Completed: New Project Proposal On Fraud detection using Explainable AI #1796 #1808

Parthavi19 · 2025-10-04T17:00:13Z

Issue Title:
Fraud Detection System with Explainable AI (XAI) — End-to-End Implementation

What's the goal of the project?
The goal of this project is to build a near-real-time fraud detection system with Explainable AI (XAI) support. The system not only detects fraudulent transactions but also explains why a transaction was flagged, provides counterfactual scenarios, reduces false positives, and equips analysts with monitoring and triage tools.

Name
Parthavi Kurugundla
GSSOC’25 Contributor

GitHub ID
@Parthavi19

Email ID
[email protected]

Closes
Closes: #1796

I have implemented the complete fraud detection system as outlined in the proposal for issue #1796. Key contributions include:

Data Preparation (data_prep.py) → Feature engineering (velocity, aggregations), imbalance handling, scaling, and time-based splitting.
Model Training (train_model.py) → XGBoost classifier with PR-AUC & ROC-AUC evaluation.
Data Ingestion (ingestion_sim.py) → Queue-based simulation of real-time streaming (Uses python Built-in Queue.queue).
Feature Store (feature_store.py) → Redis in-memory store with Postgres fallback.
Explainability (explainability.py) → SHAP (global/local explanations), DiCE (counterfactuals), and human-readable summaries.
Decision Engine (decision_engine.py) → Rule-based actions combined with ML scores and explanations, supporting multi-row batch mode.
API Serving (api_serve.py) → FastAPI backend for real-time/batch scoring with explanations.
UI Dashboard (ui_dashboard.py) → Streamlit interface for analysts to view transaction scores, SHAP plots, counterfactuals, and timelines, plus a feedback loop.
Monitoring (monitoring.py) → Feature & explanation drift detection using KS tests.
Bug Fixes → Fixed 32-feature validation mismatch, resolved SHAP TypeError by using Explanation objects.
Multi-Row Support → Updated modules to process multiple transactions at once for scalability.

How Has This Been Tested?

Trained and validated the XGBoost model on the Kaggle Credit Card Fraud Dataset.
Verified feature schema integrity (strict 32-feature validation).
Tested ingestion → feature store → scoring → explanations pipeline end-to-end.
Checked SHAP plots, counterfactual explanations, and dashboard outputs.
Ran batch scoring on a sample multi-row CSV generated via create_sample_csv.py.
API tested using uvicorn (real-time and batch mode).
Streamlit dashboard tested with interactive file uploads and analyst feedback.
Verified Redis integration and Postgres fallback.
Validated monitoring with simulated drift scenarios.

Checklist:

My code follows the guidelines of this project.
I have performed a self-review of my own code.
I have commented my code, particularly wherever it was hard to understand.
I have made corresponding changes to the documentation.
My changes generate no new warnings.
I have added things that prove my fix is effective or that my feature works.

Summary by CodeRabbit

New Features
- Batch fraud scoring API with per-transaction explanations and recommended actions.
- Decision engine applying tiered policies (auto-block, escalate, soft-action, auto-clear).
- Analyst dashboard for scoring, visual explanations, counterfactuals, feedback, and optional API testing.
- Redis-backed feature store for storing and retrieving user features.
- Ingestion simulator mimicking streaming transactions.
- Data drift monitoring with per-feature alerts and logfile output.
- End-to-end data prep and model training scripts, including evaluation metrics and model export.
- Explainability utilities producing plots and concise contributor summaries.
Chores
- Added dependencies for data processing, modeling, explainability, APIs, storage, and visualization.
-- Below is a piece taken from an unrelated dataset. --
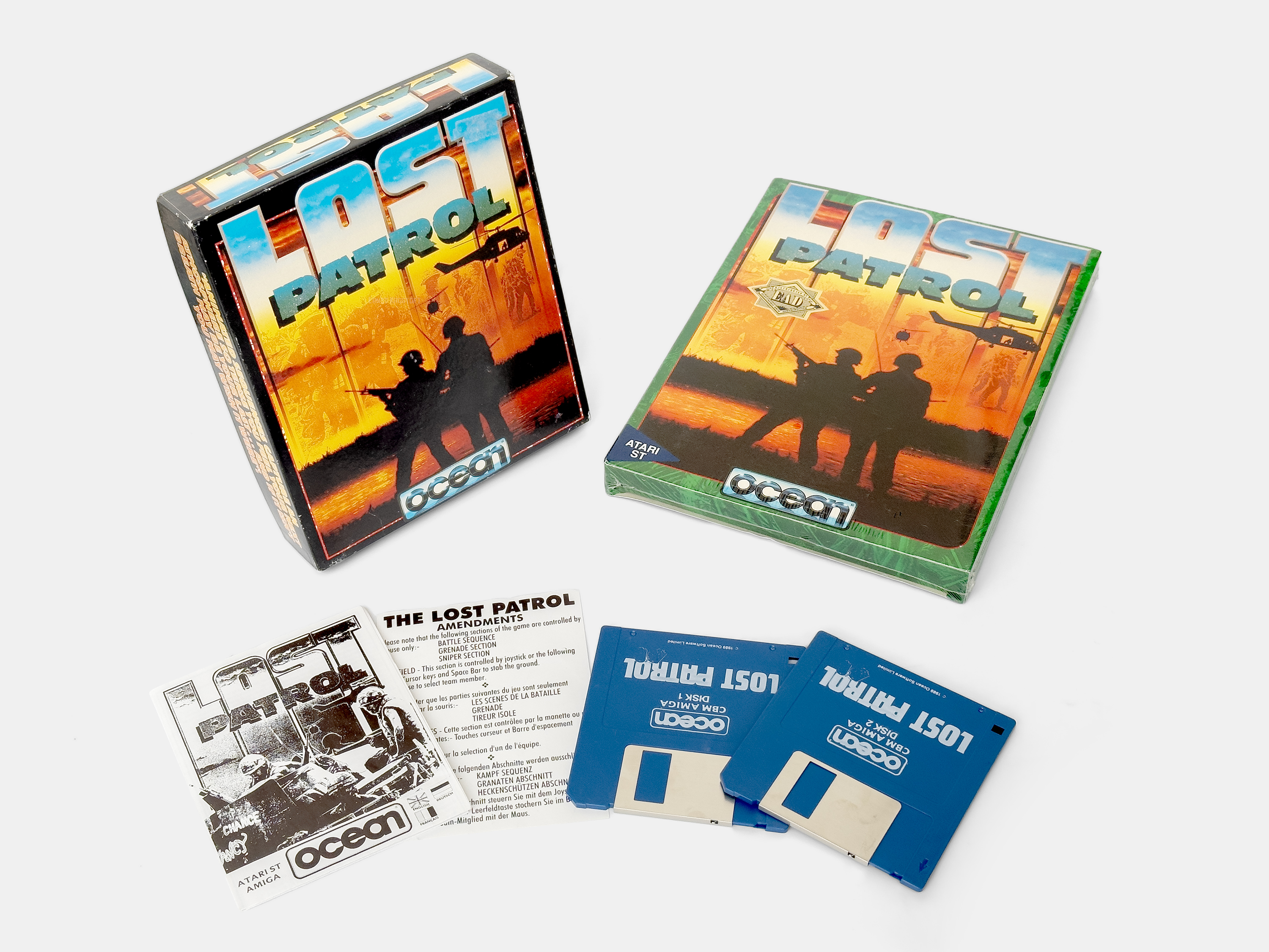 Ian Harling and Simon Cooke’s The Lost Patrol was picked up by UK powerhouse Ocean Software and published for the Commodore Amiga around Christmas 1989. The European release came in the classical small box used by most publishers on the continent while North America received a larger box, distributed by Electronic Arts Distribution.

….py to Explainable-AI/Fraud Detection using Explainable AI

…able-AI/Fraud Detection using ExplainableAI/api_serve.py

github-actions · 2025-10-04T17:00:21Z

✅ PR validation passed! Syncing labels and assignees from the linked issue...

github-actions · 2025-10-04T17:00:24Z

👋 Thank you for opening this pull request! We're excited to review your contribution. Please give us a moment, and we'll get back to you shortly!

Feel free to join our community on Discord to discuss more!

github-actions · 2025-10-04T17:01:31Z

✅ PR validation passed! Syncing labels and assignees from the linked issue...

coderabbitai · 2025-10-04T17:07:11Z

Walkthrough

Adds a complete fraud-detection prototype: data prep and model training, explainability workflows, a Streamlit analyst UI, a FastAPI batch scoring API with SHAP-based explanations, a decision engine, Redis-backed feature store, ingestion simulation, and KS-based monitoring. Also introduces a requirements file.

Changes

Cohort / File(s)	Summary
API Serving (Batch Scoring + SHAP) `Explainable-AI/Fraud Detection using ExplainableAI/ExplainableAI/api_serve.py`	New FastAPI app loading model and SHAP explainer; POST /score_batch validates 32-feature rows, returns per-txn score, top-3 contributor summary, and action. Exposes `TransactionBatch`, `app`, `model`, `explainer`, `feature_names`.
Decision Engine `Explainable-AI/Fraud Detection using ExplainableAI/ExplainableAI/decision_engine.py`	New module computing scores and SHAP importances, applying multi-threshold action policy; provides `decide_actions(txn_df)` and example usage.
Feature Store (Redis) `Explainable-AI/Fraud Detection using ExplainableAI/ExplainableAI/feature_store.py`	Adds Redis client `r`, feature `store_features`/`get_features`, connection checks, and optional sample seeding from creditcard.csv with error handling.
Ingestion Simulation `Explainable-AI/Fraud Detection using ExplainableAI/ExplainableAI/ingestion_sim.py`	Threaded producer-consumer over an in-memory queue; reads first 100 CSV rows, streams JSON messages, processes until sentinel. Provides `producer`, `consumer`, `dummy_process`.
Monitoring (Drift Checks) `Explainable-AI/Fraud Detection using ExplainableAI/ExplainableAI/monitoring.py`	Loads X_train/X_test; per-feature KS test with logging to monitor.log; prints completion note; includes SHAP-drift comment.
Data Prep and Training `Explainable-AI/Fraud Detection using ExplainableAI/data_prep.py`, `Explainable-AI/Fraud Detection using ExplainableAI/ExplainableAI/train_model.py`	Data pipeline with feature engineering, imbalance handling, scaling, time-based split; saves CSVs. Training script fits XGBoost, evaluates PR-AUC/ROC-AUC, saves model via joblib.
Explainability and UI `Explainable-AI/Fraud Detection using ExplainableAI/ExplainableAI/explainability.py`, `Explainable-AI/Fraud Detection using ExplainableAI/ExplainableAI/ui_dashboard.py`	SHAP TreeExplainer, waterfall plots, DiCE counterfactuals, and summary helper; Streamlit dashboard for scoring, explanations, simple counterfactuals, timeline, feedback, and optional API calls.
Dependencies `Explainable-AI/Fraud Detection using ExplainableAI/ExplainableAI/requirements.txt`	Adds libraries for data, modeling, explainability, storage, API, visualization, and utilities.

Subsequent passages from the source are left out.